Un gouvernement d'union n'"a pas de sens" en ce moment
Selon Taieb Baccouche, secrétaire général de Nidaa Tounes, la nouvelle équipe ne sera pas un gouvernement d'union nationale groupant tous les principaux partis.
Un gouvernement d'union nationale n"'a pas de sens en ce moment", a fait remarquer Baccouche dans une déclaration de presse. "La place des uns est au gouvernement et celle d'autres dans l'opposition", a-t-il ajouté.
La participation du parti Afek Tounes, aux cotés de Nidaa Tounes, de l'Union patriotique libre (UPL) et de personnalités de la société civile, se confirme, a indiqué Baccouche, alors que celle du mouvement Ennahdha est peu probable, a-t-il fait remarquer, ajoutant que cette question fait encore l'objet de discussions.
Pour sa part, le président du parti Ennahdha, Rached Ghannouchi a déclaré que les pourparlers ont atteint un stade avancé mais sans parvenir au résultat escompté : celui de former un gouvernement d'union nationale auquel participent tous les grands partis.
Candidat de Nidaa Tounès, le parti de M. Caïd Essebsi, vainqueur des législatives de fin octobre, M. Essid avait été chargé par le président de la république de former un gouvernement le 5 janvier.
Il y a lieu de rappeler que le Premier ministre désigné Habib Essid, un indépendant, avait déjà présenté un gouvernement composé de 24 ministres et 15 secrétaires d'Etat comprenant neuf femmes, mais qui n'a pas obtenu la confiance de l'ARP.
Le Premier ministre désigné, un "indépendant" qui fut ministre de l'Intérieur après la révolution de 2011, avait présenté le 23 janvier au président Béji Caïd Essebsi un gouvernement "de compétences nationales" dont Ennahda, deuxième force politique du pays, est absent, tout comme le Front populaire.
Plusieurs portefeuilles ministeriels comme les Affaires étrangères et la Santé reviennent à Nidaa Tounès.
D'autres comme le Tourisme et la Jeunesse et les sports échoient à l'UPL, parti de l'homme d'affaires et patron de club de foot, Slim Riahi, troisième force au Parlement avec 16 sièges sur 217.
Pour entrer en fonctions, le gouvernement doit obtenir le soutien d'au moins 109 députés.
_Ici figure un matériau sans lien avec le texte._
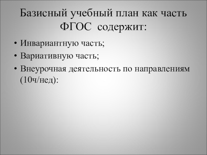 Слайд 3Базисный учебный план как часть ФГОС содержит: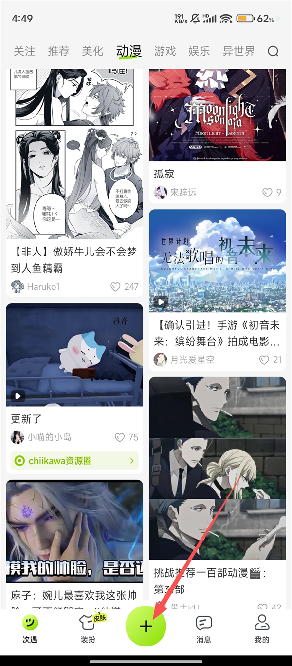 1、我们打开百度输入法,点击底部绿色【+】号,进入内容发布选择界面,开启动态发布流程呀。

Or Nidaa Tounès ne dispose que de 86 sièges, et plusieurs partis ont annoncé qu'ils n'accorderaient pas leur confiance à la liste proposée.
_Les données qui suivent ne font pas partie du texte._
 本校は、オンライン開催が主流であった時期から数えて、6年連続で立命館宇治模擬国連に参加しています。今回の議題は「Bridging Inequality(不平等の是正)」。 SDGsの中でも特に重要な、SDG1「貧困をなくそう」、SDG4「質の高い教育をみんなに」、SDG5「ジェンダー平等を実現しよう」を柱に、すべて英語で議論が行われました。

Dissolution de l'Assemblée en cas de blocage
Selon la Constitution tunienne, si le gouvernement n'obtient pas la confiance du Parlement, le président Béji Caïd Essebsi se verra obligé de charger encore une fois M. Essid de former une nouvelle équipe. Dans le cas où aucun gouvernement n'obtient la confiance de l'Assemblée quatre mois après la désignation du premier candidat au poste de chef de gouvernement, le président de la République aura le pouvoir de dessoudre le Parlement.
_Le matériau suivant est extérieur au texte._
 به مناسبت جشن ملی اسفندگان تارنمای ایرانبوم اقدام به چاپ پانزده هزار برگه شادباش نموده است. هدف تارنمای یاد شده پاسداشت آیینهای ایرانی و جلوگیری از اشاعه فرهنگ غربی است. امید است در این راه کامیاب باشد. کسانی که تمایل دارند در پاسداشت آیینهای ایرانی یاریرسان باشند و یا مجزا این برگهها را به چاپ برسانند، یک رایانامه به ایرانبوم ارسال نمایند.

Les électeurs tunisiens seraient alors appelés aux urnes pour élire une nouvelle Assemblée. Des élections législatives seront convoquées dans un délai ne dépassant pas les 90 jours.
Il faut admettre que rien ne garantit, à la lumière des déclarations des parties mécontentes, que le prochain gouvernement obtiendra la confiance du Parlement
"Si le gouvernement reste sous sa forme actuelle, nous ne lui accorderons pas la confiance, car il ne représente pas les ambitions des Tunisiens (qui veulent) un gouvernement (...) capable de faire face aux grands défis et de prendre des décisions difficiles", avait déclaré à des journalistes Rached Ghannouchi, le président d'Ennahda (69 sièges).
"Nous aurions voulu que ce soit un gouvernement d'union nationale", a-t-il ajouté, en disant espérer "davantage de consultations afin de parvenir à des ententes sur la composition du gouvernement et son programme, de manière à ce qu'il obtienne une large majorité une fois présenté à l'Assemblée".
Le Front populaire (15 sièges), le parti libéral Afek Tounes (huit sièges) et Moubadara (trois sièges) avaient également annoncé qu'ils ne voteraient pas la confiance au gouvernement.
Le Premier ministre sortant Mehdi Jomaa a présenté la démission de son gouvernement au président Caïd Essebsi, qui l'a acceptée en le chargeant de gérer les affaires courantes jusqu'à l'entrée en fonctions du nouveau gouvernement.